GOAL OF THE EXERCISE: Your job is to retype all of the data word for word, leaving every image out.
Top of GIVEN MATERIAL
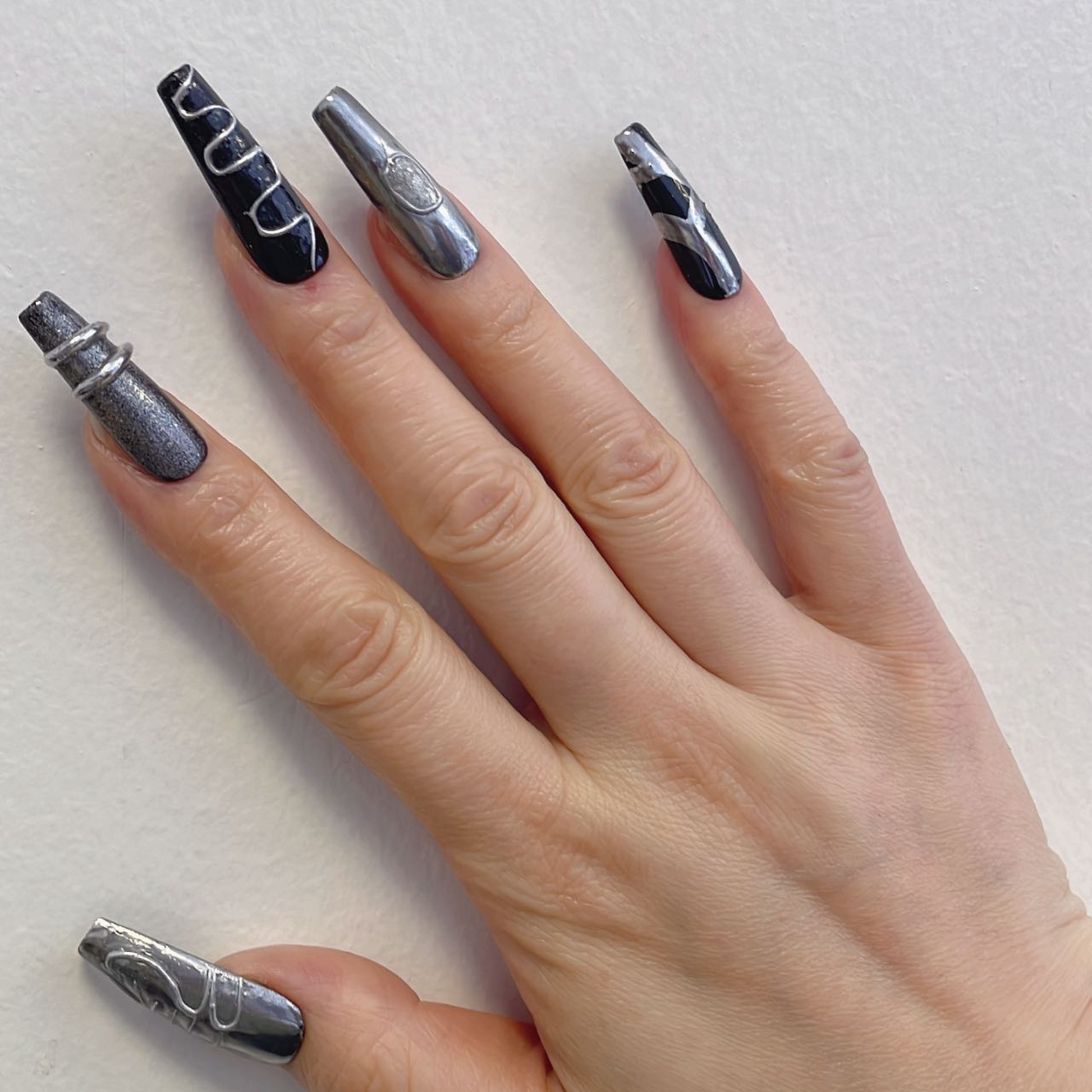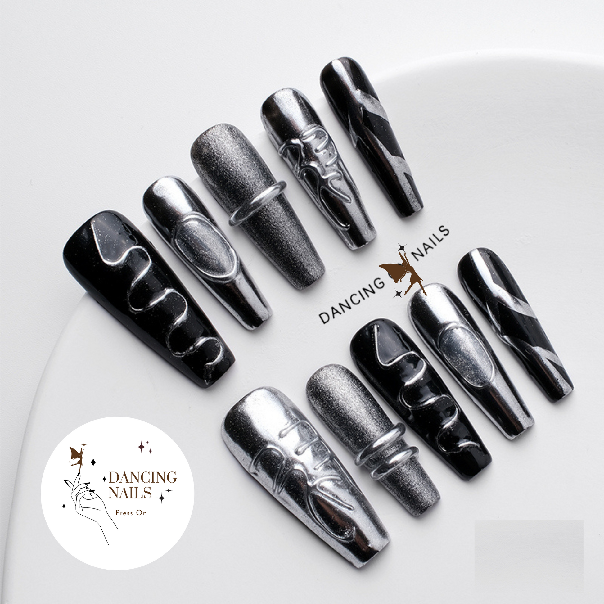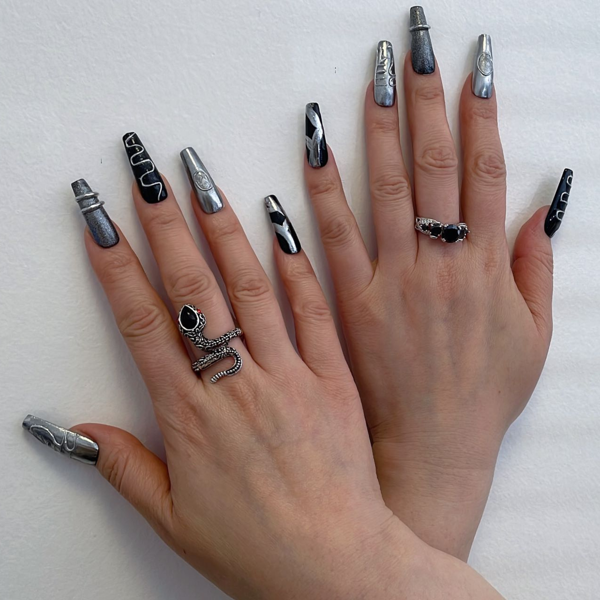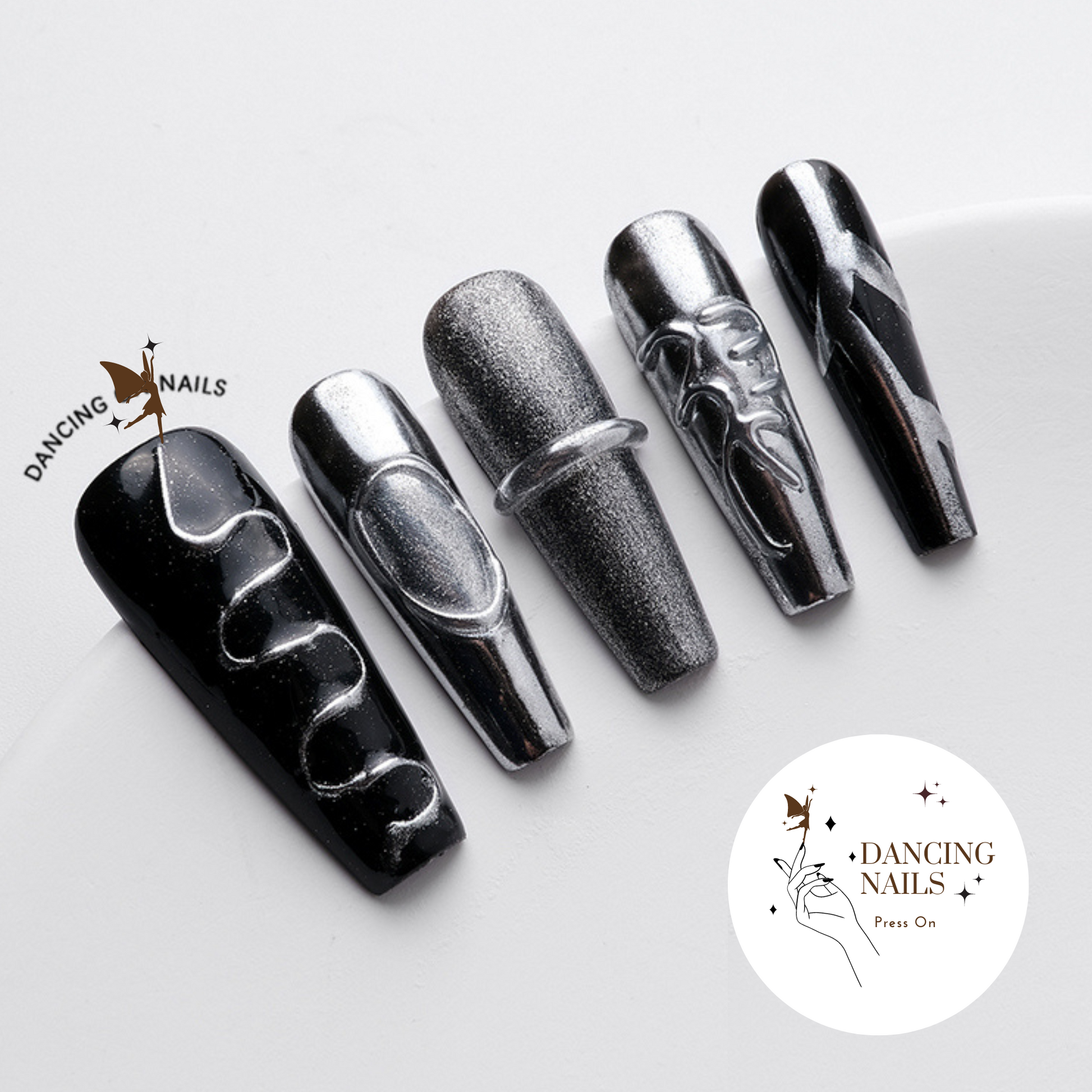 Get ready to slay with our Black and Silver Glitter Pattern Long Coffin Press on Acrylic Nails. With a bold and sparkly design, these press on nails will elevate any look for a night out or special occasion. Just press and go for stunning nails in seconds. Time to shine, babe.
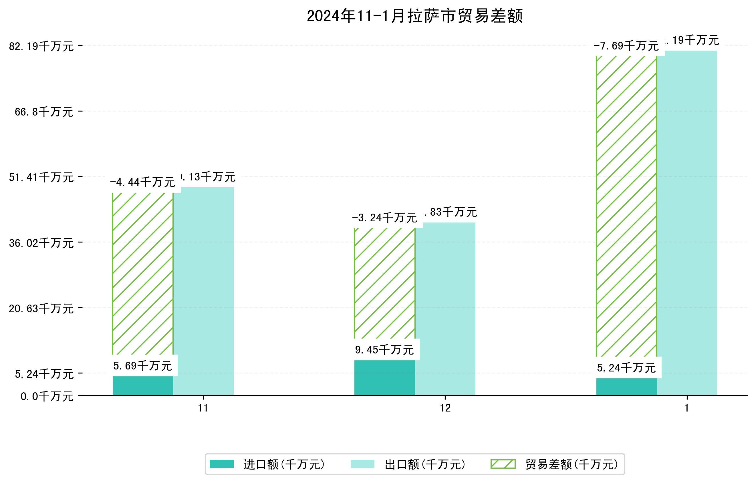 以人民币计,2024年1-1月拉萨市贸易差额为7,6949,6942万元(贸易顺差),相比上年同期增加了5,9652,8390万元,同比增加344.88%。
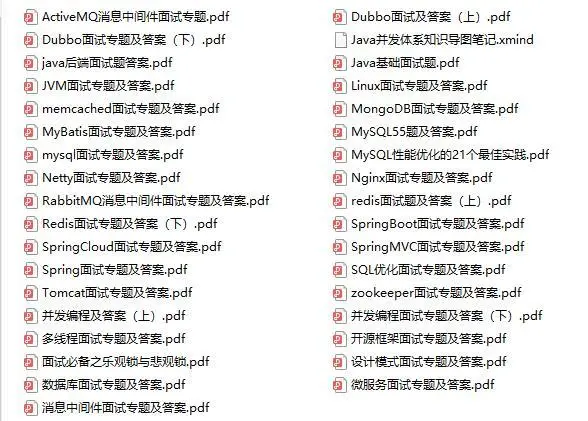 以上就是分享的进阶架构师学习线路,分享了一波进阶线路图谱,那么资源肯定也是少不了的,如果你对技术提升很感兴趣,小编在这里提供了一份针对上面导图的架构进阶资料,资源分享包括但不限于(分布式架构、高可扩展、高性能、高并 发、Jvm性能调优、Spring,MyBatis,Nginx源码分析,Redis、Netty、Kafka、Mysql 、Zookeeper、Tomcat、Docker、Dubbo、Nginx)。
Bottom of GIVEN MATERIAL
REPLY:
 Get ready to slay with our Black and Silver Glitter Pattern Long Coffin Press on Acrylic Nails. With a bold and sparkly design, these press on nails will elevate any look for a night out or special occasion. Just press and go for stunning nails in seconds. Time to shine, babe.
 以人民币计,2024年1-1月拉萨市贸易差额为7,6949,6942万元(贸易顺差),相比上年同期增加了5,9652,8390万元,同比增加344.88%。
 以上就是分享的进阶架构师学习线路,分享了一波进阶线路图谱,那么资源肯定也是少不了的,如果你对技术提升很感兴趣,小编在这里提供了一份针对上面导图的架构进阶资料,资源分享包括但不限于(分布式架构、高可扩展、高性能、高并 发、Jvm性能调优、Spring,MyBatis,Nginx源码分析,Redis、Netty、Kafka、Mysql 、Zookeeper、Tomcat、Docker、Dubbo、Nginx)。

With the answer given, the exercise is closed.